*Task objective*:
Copy each line below as it stands, but skip any picture it contains.

-- Exercise data follows --

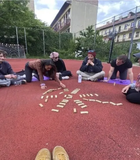 Délután trolival a Józsefvárosban található Dankó udvarba látogattunk, amely egy csodás, sokszínű és aktív közösségi térként működik. Itt valóban arra használhattuk a teret, amire az készült: beszélgettünk, heverésztünk a színes zsákszékeken, de roma tánclépéseket is elsajátíthattunk, majd a sportpályán egy nagyot tollasoztunk a kerületi gyerekekkel, s még az agyagkészítésbe is apró bepillantást nyertünk.
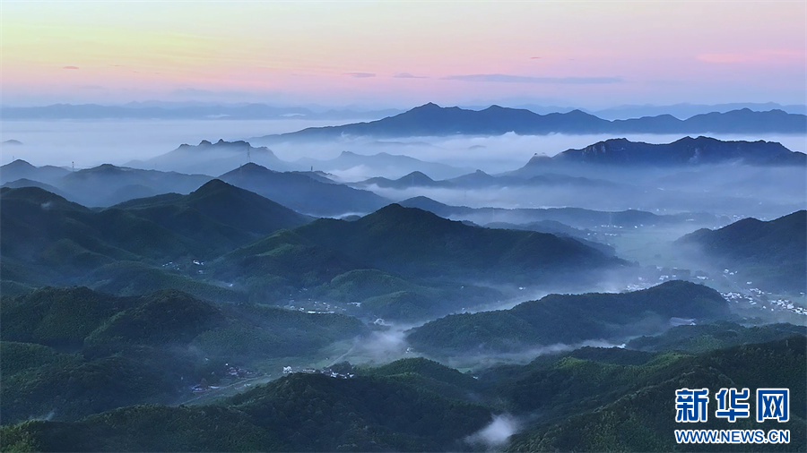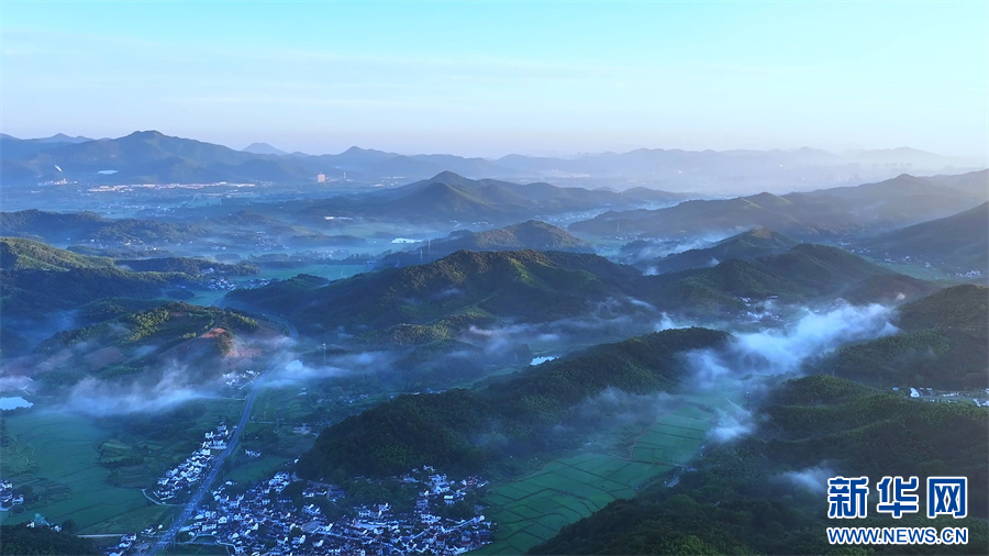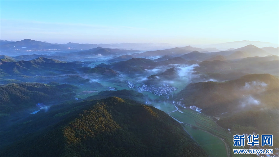 秋日清晨,安徽省芜湖市繁昌慢谷旅游度假区薄雾轻笼,连绵的青山与民居交错隐现,构成一幅气韵生动的水墨画卷。
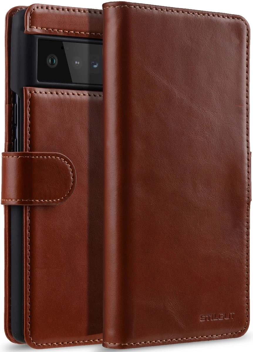 Handgemachtes Google Pixel 6 Pro Wallet Case aus Leder mit Fächern & Magnetverschluss
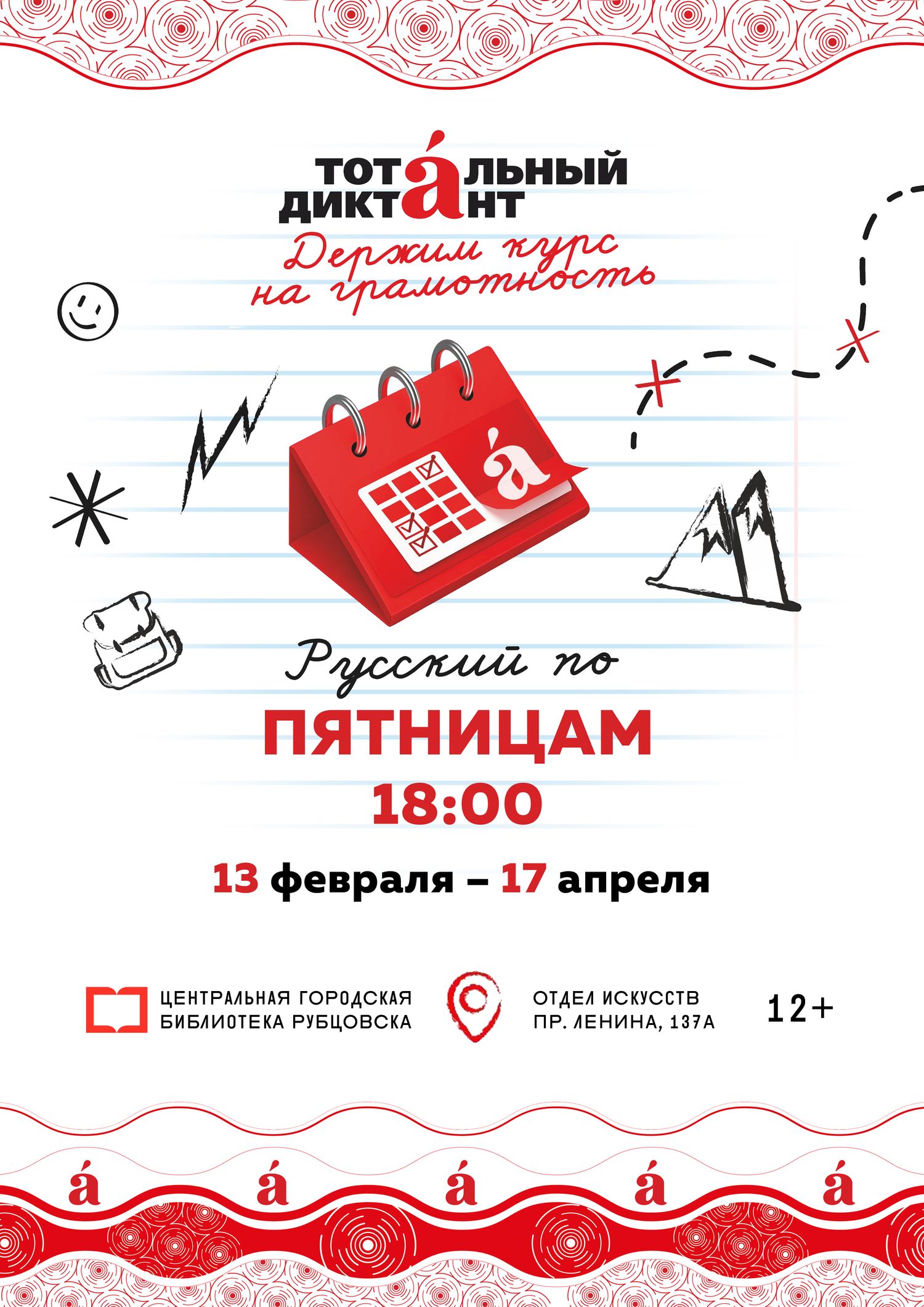 13 февраля в Центральной городской библиотеке Рубцовска стартуют бесплатные очные курсы подготовки к Тотальному диктанту – 2026, который пройдет 18 апреля. Занятия «Русский по пятницам» проводит преподаватель русского языка и литературы гимназии № 8, председатель комиссии филологов Тотального диктанта в Рубцовске Татьяна Брик.
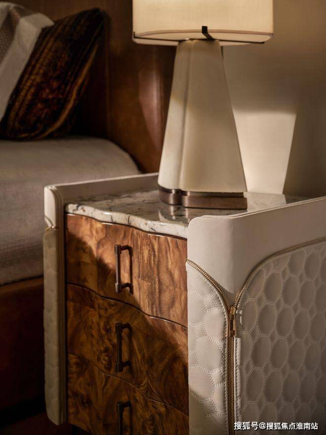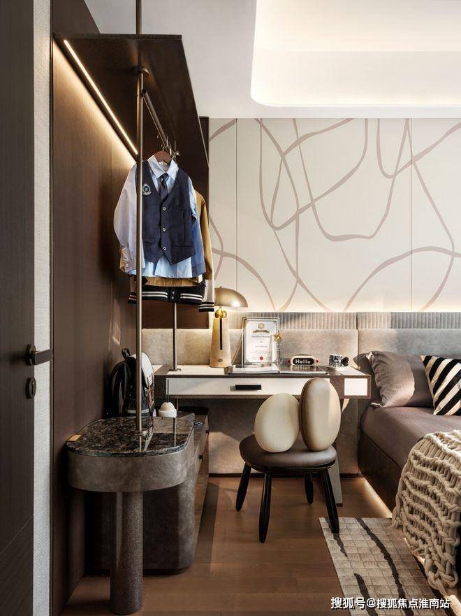 次卧皮革背景墙似被时光轻吻过的绸缎,尽是松弛高级。
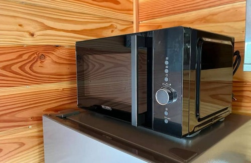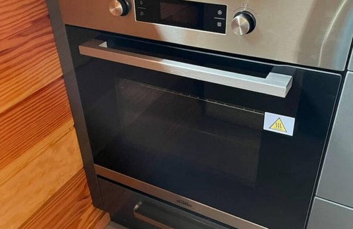 The kitchenette is equipped with an oven, a stovetop, and a refrigerator, as well as a coffee maker, an electric kettle, and a microwave. Bathroom amenities include a hair dryer, towels, and toilet paper. Other amenities at this 1-bedroom, 1-bathroom rental include bed sheets, an ironing board, and heating.
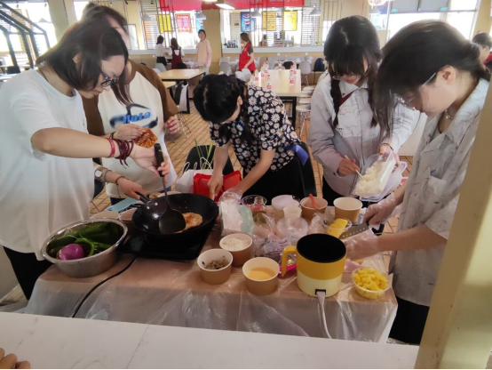 5月7日下午,决赛现场,参赛队员们各司其职、分工明确,或是洗择切煮或是刷剁炒剪,使用鲜虾、鱼头、菠萝、青菜、西兰花等各种新鲜食材进行创意菜品创作,比赛现场香气四溢、直扑味蕾。随后,各自队长进行了菜品简介和推介,从“创意大盘鸡”到“菠萝炒饭配薄荷炒猪颈肉”,从“白玉包万象”到“翡翠玛瑙白玉”,同学们将自己对“大食物观”的理解以及所学的食品工艺学、食品营养与健康相关知识融入菜品创作,通过精美的摆拍、诗意的菜名,呈现出各自的菜品,并得到评委老师从色、香、味、意、形、营养、创新等方面的专业点评与建议。
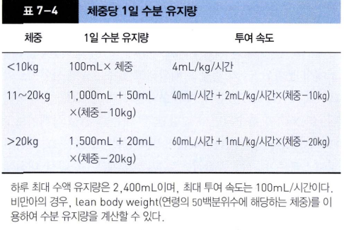 수액량 : (이미 소실한 양 + 1일 유지량) - (phase I에서 투여한 양)
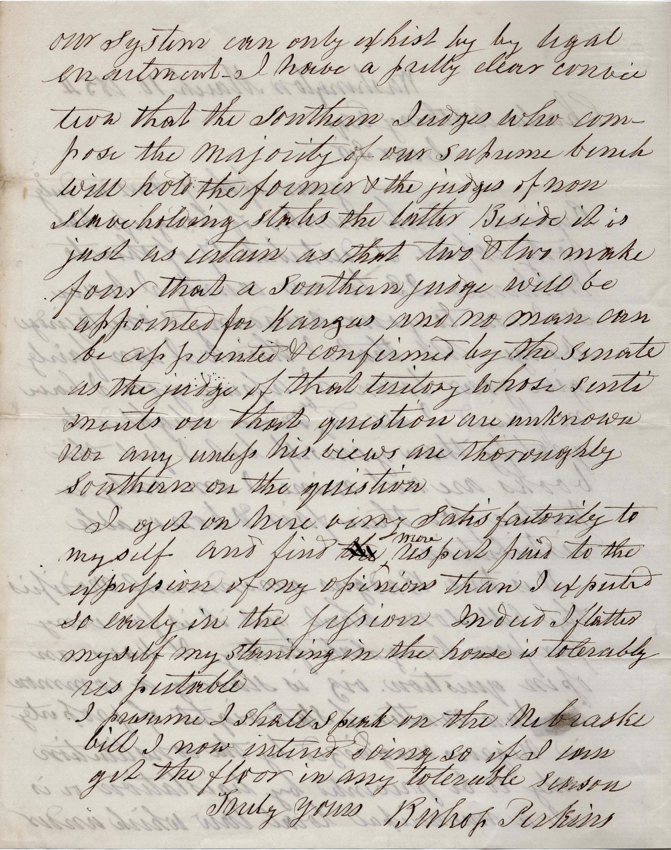 Truly yours, — Bishop Perkins
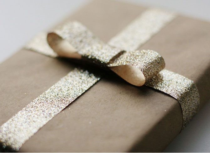 2. Обернуть подарок той же лентой, из которой сделан бант
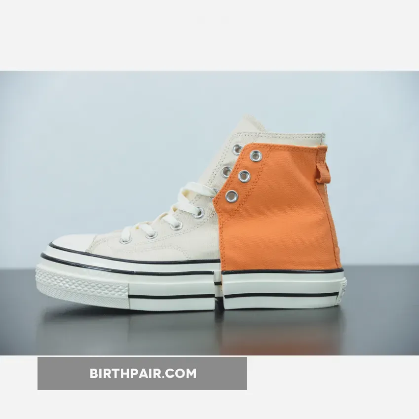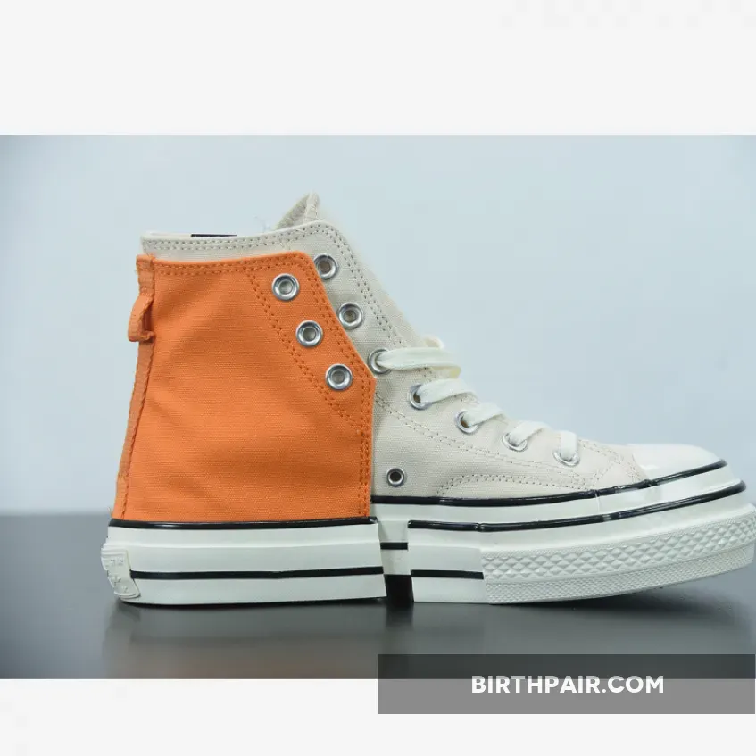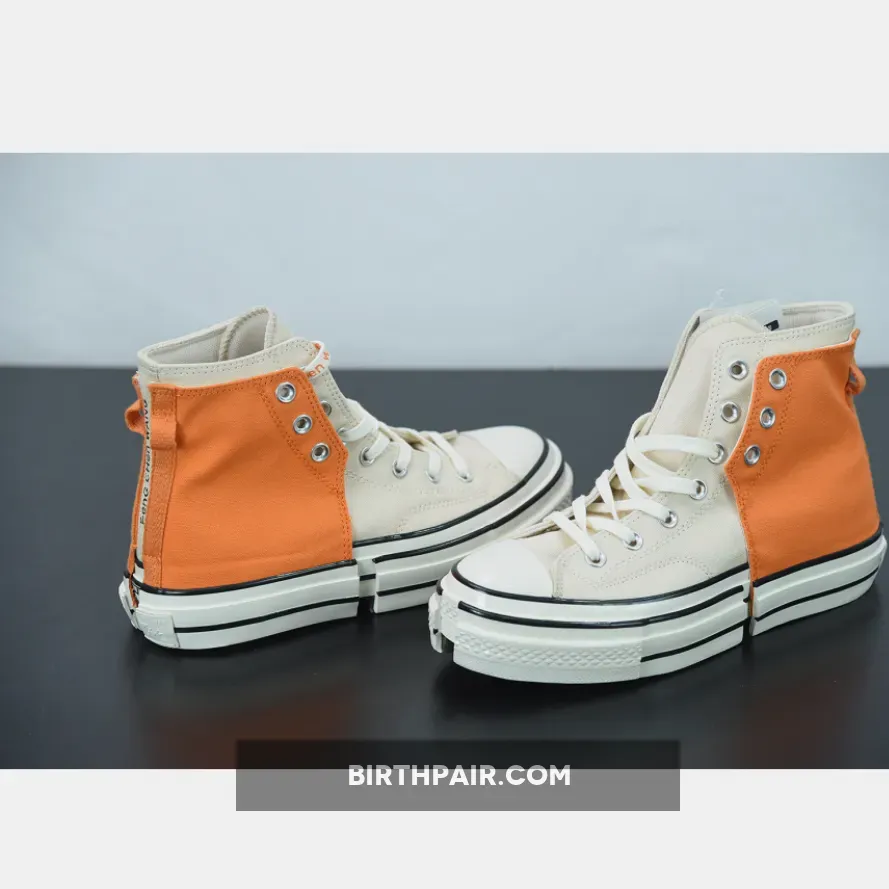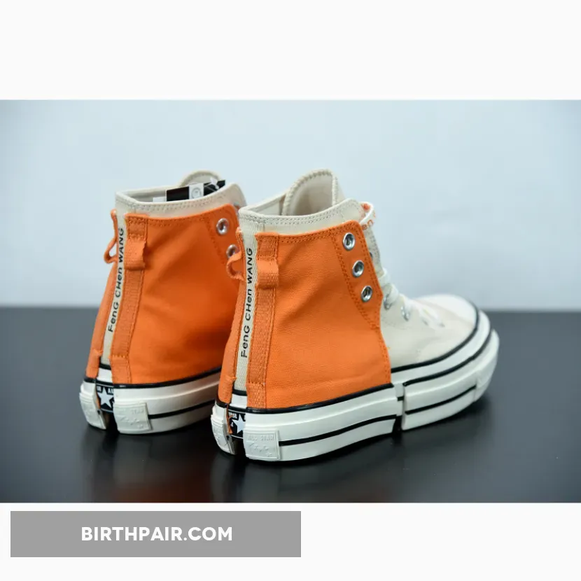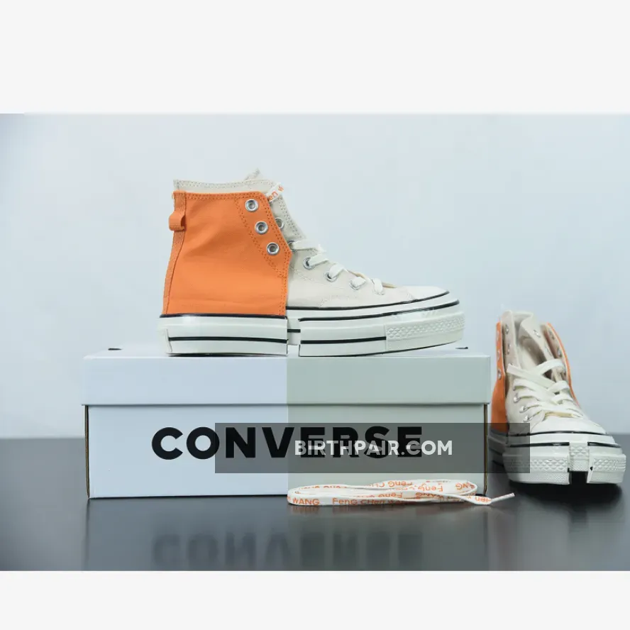 The Feng Chen Wang x Converse Chuck 70 High 2-in-1 Orange is one of two Chuck Taylor models releasing as part of Converse’s latest collaboration with Chinese designer Feng Chen Wang. The sneaker is a unique and high end take on the classic silhouette and the creative community are already eager to get their hands on a pair. Read on for a release date, a closer look and official images. They were first debuted at the designer’s New York Fashion Week show and have since been highly anticipated. The outer layer is crafted from durable canvas and leather, with classic Chuck Taylor characteristics still present. Branding features at the heel in the form of Converse’s star logo and Feng Chen Wang’s typeface logo, along with branded laces for a premium look. Underfoot, the Chuck Taylor All Star is reimagined with a chunky rear heel component similar to a concept shoe, making this one of the wildest high-top sneakers we’ve seen in a while.

-- Exercise data concluded --

*Response*:
 Délután trolival a Józsefvárosban található Dankó udvarba látogattunk, amely egy csodás, sokszínű és aktív közösségi térként működik. Itt valóban arra használhattuk a teret, amire az készült: beszélgettünk, heverésztünk a színes zsákszékeken, de roma tánclépéseket is elsajátíthattunk, majd a sportpályán egy nagyot tollasoztunk a kerületi gyerekekkel, s még az agyagkészítésbe is apró bepillantást nyertünk.
 秋日清晨,安徽省芜湖市繁昌慢谷旅游度假区薄雾轻笼,连绵的青山与民居交错隐现,构成一幅气韵生动的水墨画卷。
 Handgemachtes Google Pixel 6 Pro Wallet Case aus Leder mit Fächern & Magnetverschluss
 13 февраля в Центральной городской библиотеке Рубцовска стартуют бесплатные очные курсы подготовки к Тотальному диктанту – 2026, который пройдет 18 апреля. Занятия «Русский по пятницам» проводит преподаватель русского языка и литературы гимназии № 8, председатель комиссии филологов Тотального диктанта в Рубцовске Татьяна Брик.
 次卧皮革背景墙似被时光轻吻过的绸缎,尽是松弛高级。
 The kitchenette is equipped with an oven, a stovetop, and a refrigerator, as well as a coffee maker, an electric kettle, and a microwave. Bathroom amenities include a hair dryer, towels, and toilet paper. Other amenities at this 1-bedroom, 1-bathroom rental include bed sheets, an ironing board, and heating.
 5月7日下午,决赛现场,参赛队员们各司其职、分工明确,或是洗择切煮或是刷剁炒剪,使用鲜虾、鱼头、菠萝、青菜、西兰花等各种新鲜食材进行创意菜品创作,比赛现场香气四溢、直扑味蕾。随后,各自队长进行了菜品简介和推介,从“创意大盘鸡”到“菠萝炒饭配薄荷炒猪颈肉”,从“白玉包万象”到“翡翠玛瑙白玉”,同学们将自己对“大食物观”的理解以及所学的食品工艺学、食品营养与健康相关知识融入菜品创作,通过精美的摆拍、诗意的菜名,呈现出各自的菜品,并得到评委老师从色、香、味、意、形、营养、创新等方面的专业点评与建议。
 수액량 : (이미 소실한 양 + 1일 유지량) - (phase I에서 투여한 양)
 Truly yours, — Bishop Perkins
 2. Обернуть подарок той же лентой, из которой сделан бант
 The Feng Chen Wang x Converse Chuck 70 High 2-in-1 Orange is one of two Chuck Taylor models releasing as part of Converse’s latest collaboration with Chinese designer Feng Chen Wang. The sneaker is a unique and high end take on the classic silhouette and the creative community are already eager to get their hands on a pair. Read on for a release date, a closer look and official images. They were first debuted at the designer’s New York Fashion Week show and have since been highly anticipated. The outer layer is crafted from durable canvas and leather, with classic Chuck Taylor characteristics still present. Branding features at the heel in the form of Converse’s star logo and Feng Chen Wang’s typeface logo, along with branded laces for a premium look. Underfoot, the Chuck Taylor All Star is reimagined with a chunky rear heel component similar to a concept shoe, making this one of the wildest high-top sneakers we’ve seen in a while.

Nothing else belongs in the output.